The reply should hold nothing except the lines from the one with "右上の甘酸っぱい「ラズベリー" through the end of the entries, duplicated exactly and with no pictures.

* [Data under study]
──────
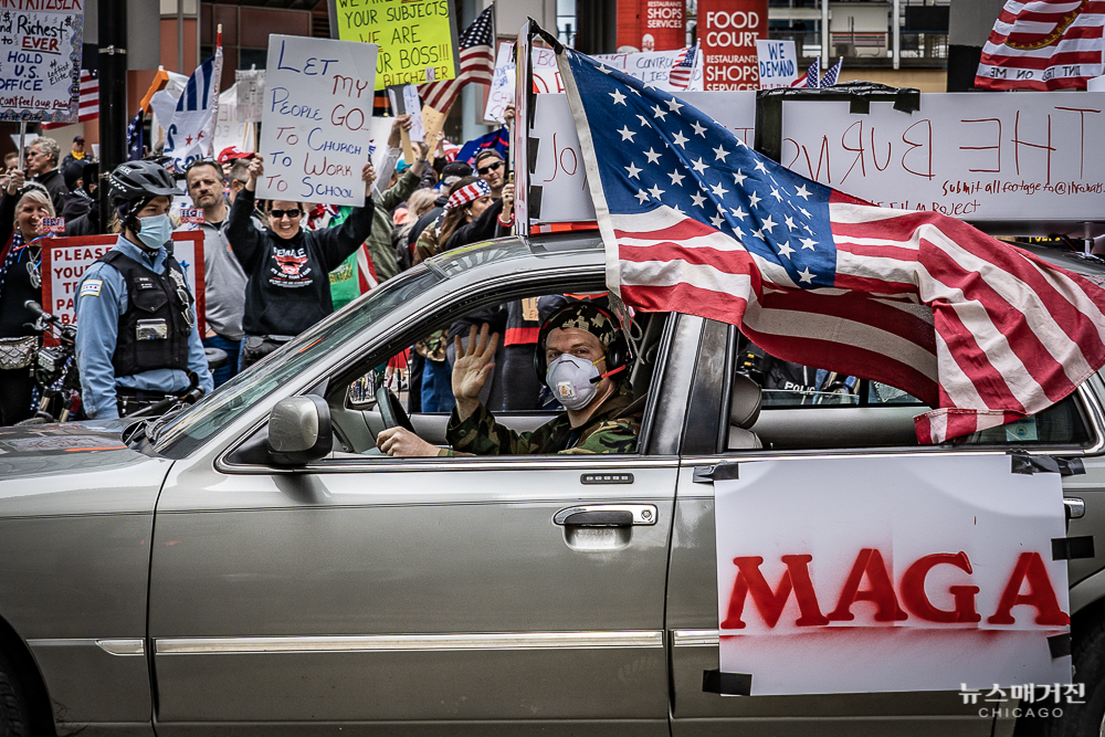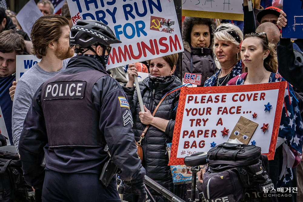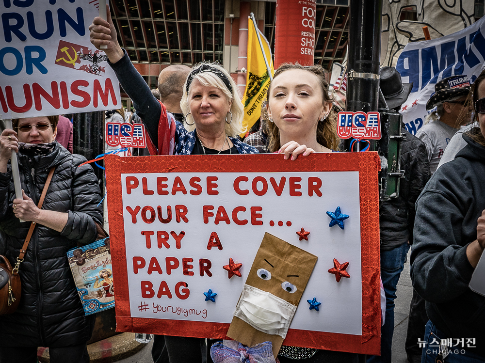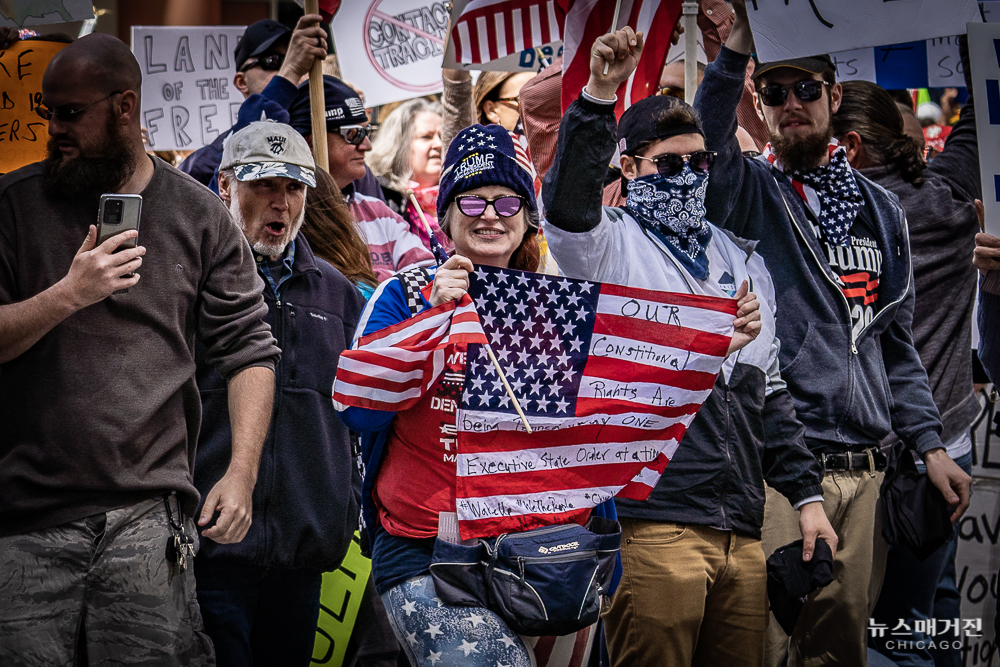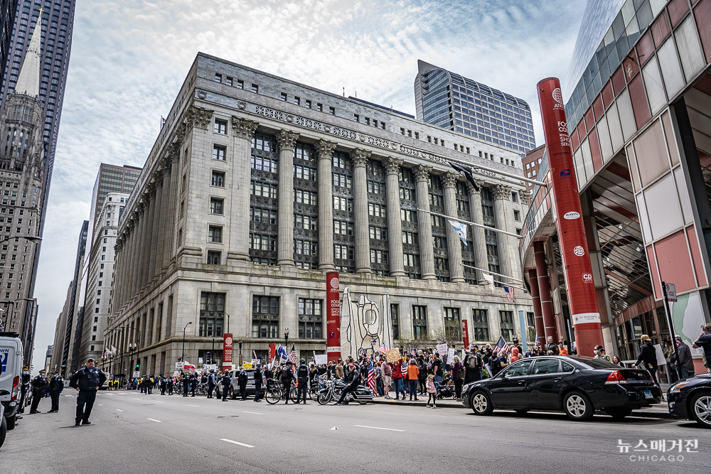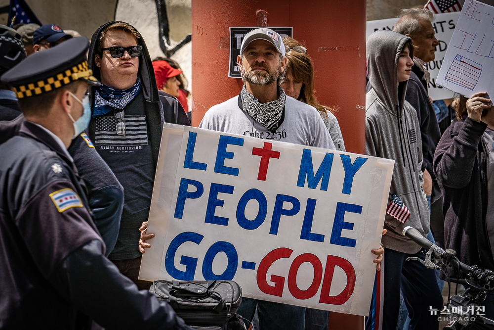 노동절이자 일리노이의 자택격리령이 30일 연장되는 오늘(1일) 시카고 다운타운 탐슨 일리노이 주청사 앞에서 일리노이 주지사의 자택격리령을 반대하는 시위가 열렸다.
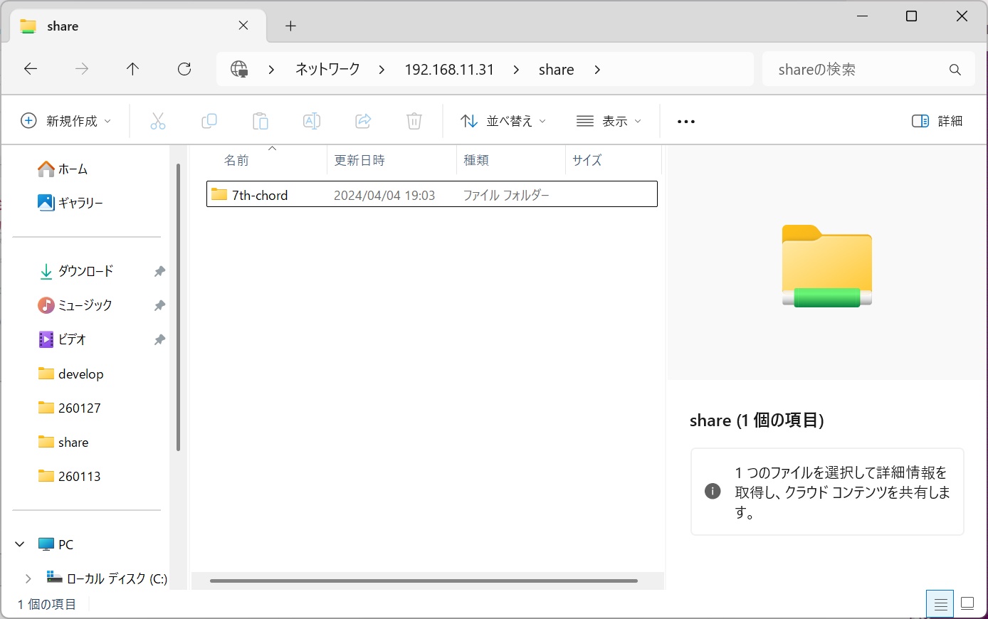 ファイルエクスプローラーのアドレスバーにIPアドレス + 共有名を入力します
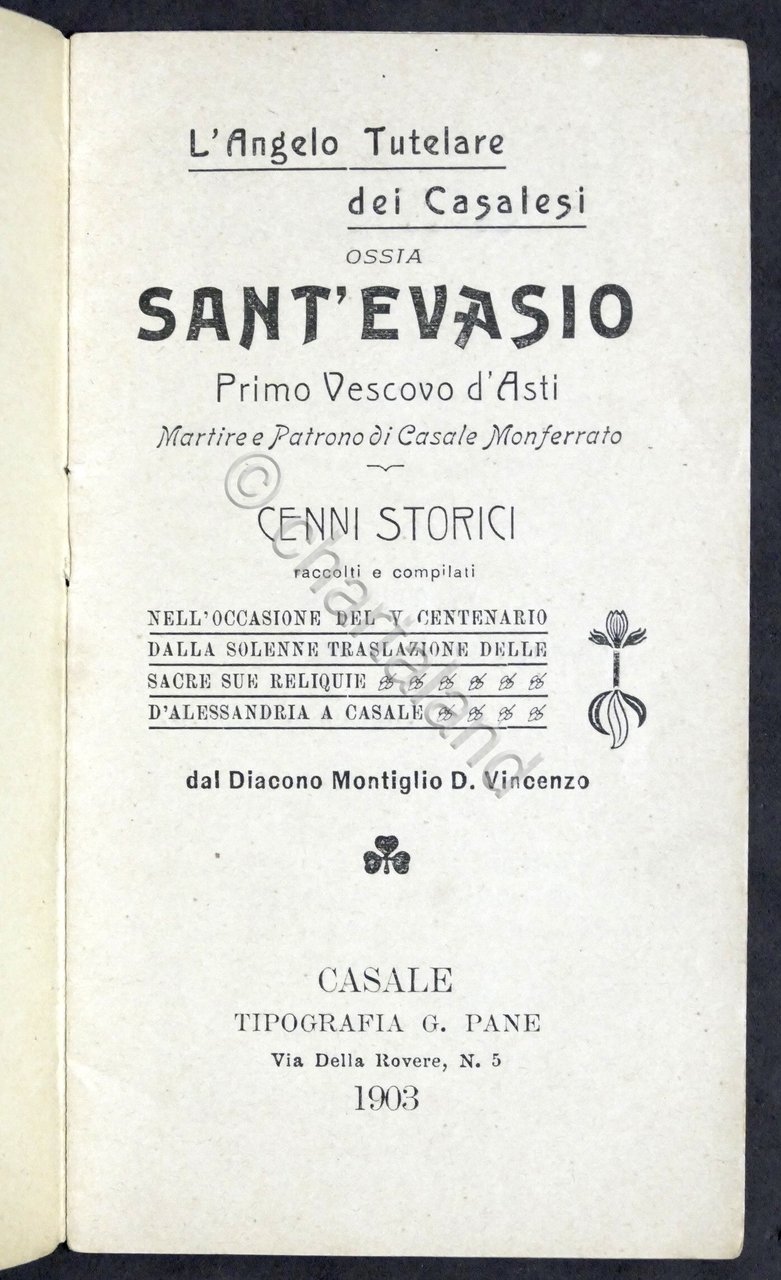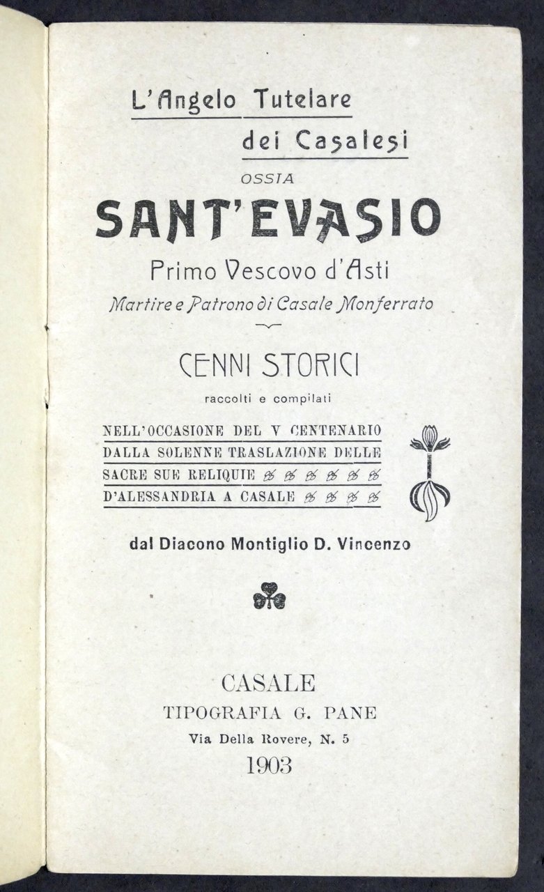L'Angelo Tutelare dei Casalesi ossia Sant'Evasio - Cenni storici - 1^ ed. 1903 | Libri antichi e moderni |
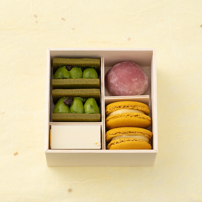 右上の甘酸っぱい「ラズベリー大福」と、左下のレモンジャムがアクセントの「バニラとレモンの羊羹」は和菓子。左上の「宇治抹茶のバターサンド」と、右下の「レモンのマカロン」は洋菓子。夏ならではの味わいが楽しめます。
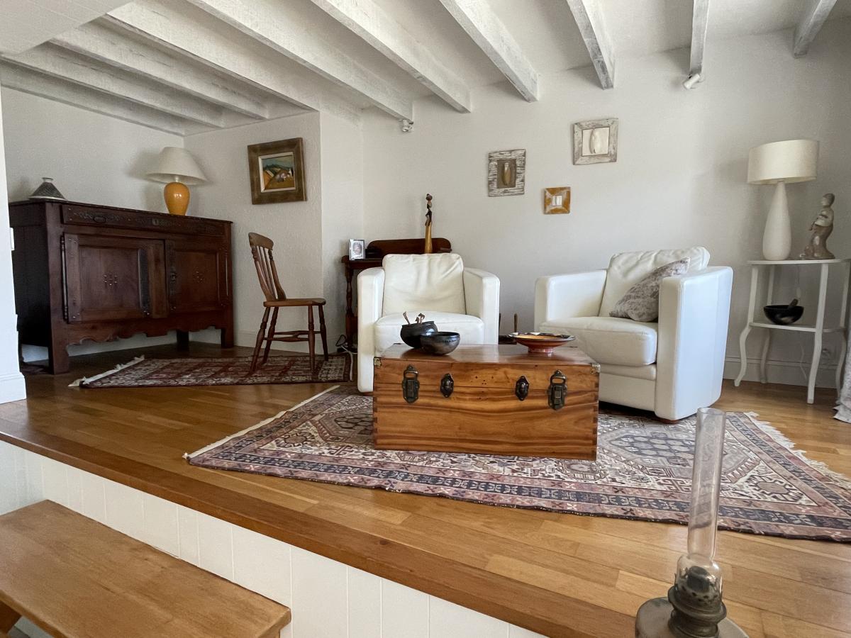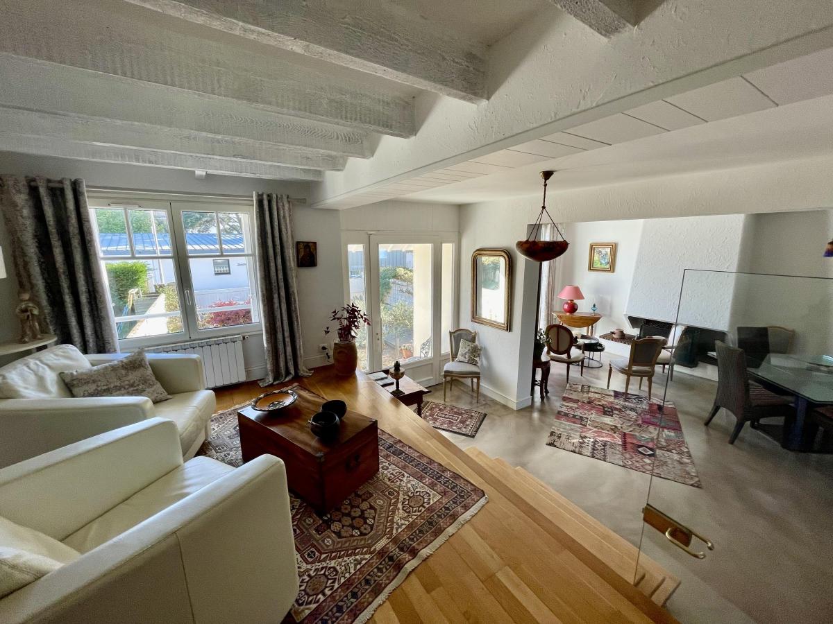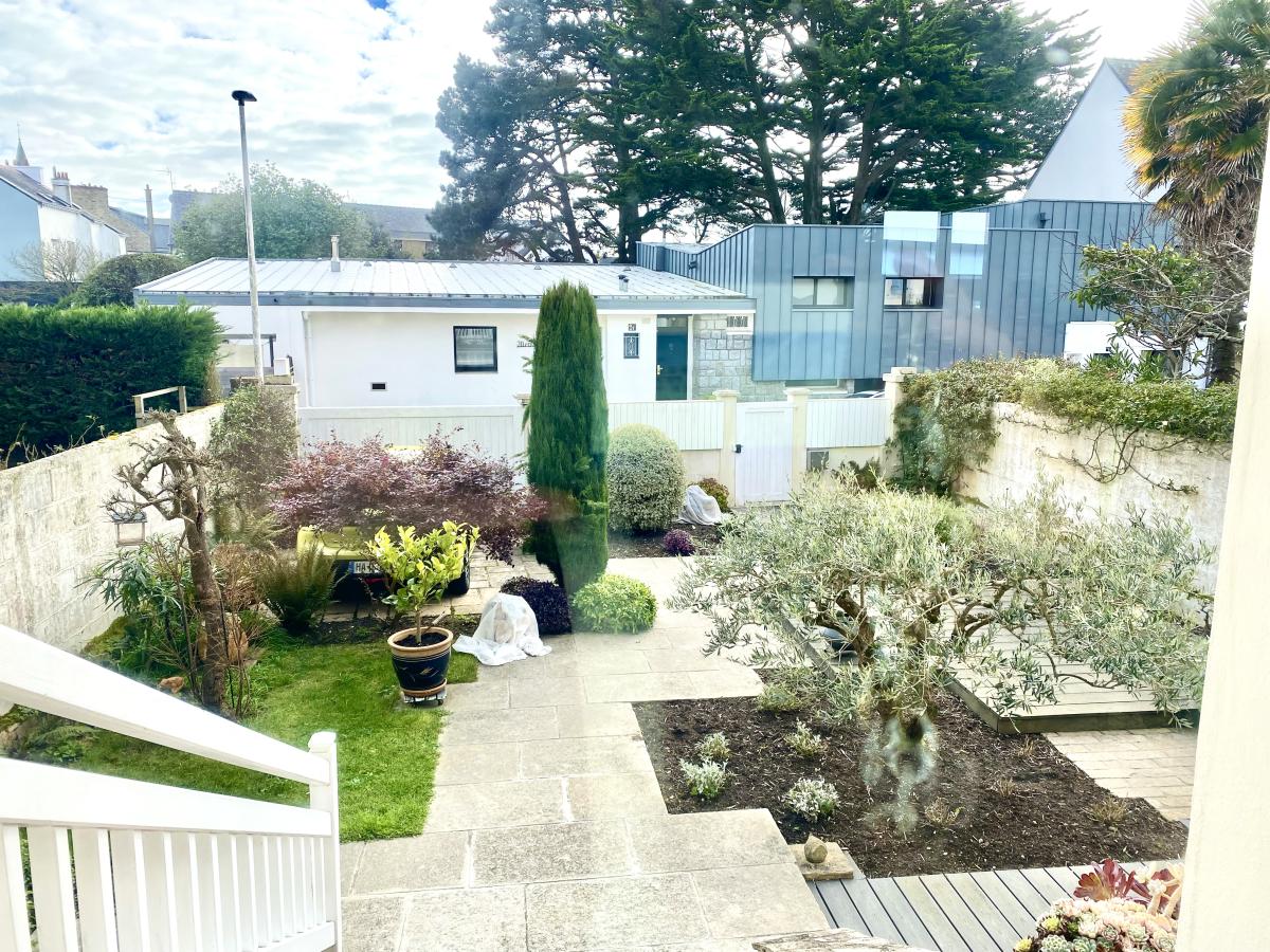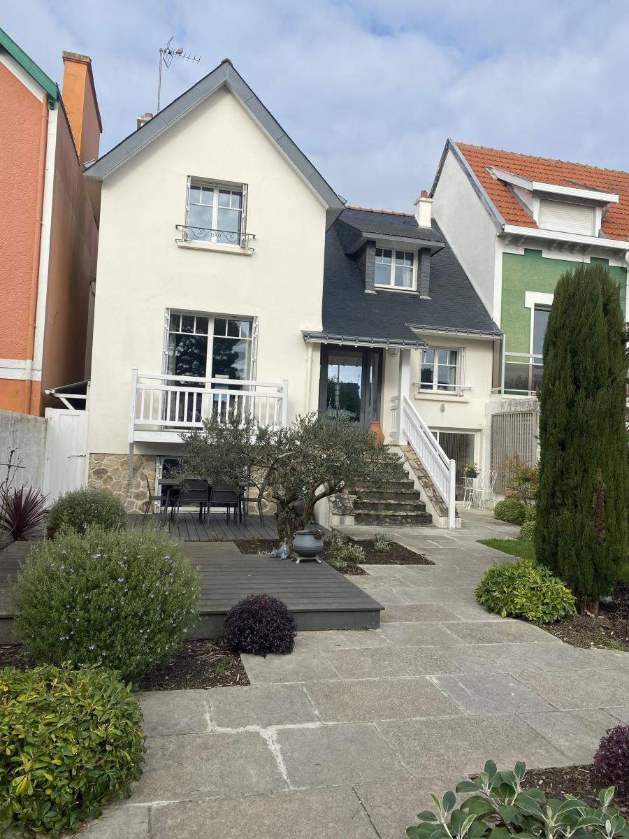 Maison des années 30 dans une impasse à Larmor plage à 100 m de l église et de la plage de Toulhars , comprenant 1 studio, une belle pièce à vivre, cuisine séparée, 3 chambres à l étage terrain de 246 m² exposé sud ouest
──────
* [Output for this task]
 右上の甘酸っぱい「ラズベリー大福」と、左下のレモンジャムがアクセントの「バニラとレモンの羊羹」は和菓子。左上の「宇治抹茶のバターサンド」と、右下の「レモンのマカロン」は洋菓子。夏ならではの味わいが楽しめます。
 Maison des années 30 dans une impasse à Larmor plage à 100 m de l église et de la plage de Toulhars , comprenant 1 studio, une belle pièce à vivre, cuisine séparée, 3 chambres à l étage terrain de 246 m² exposé sud ouest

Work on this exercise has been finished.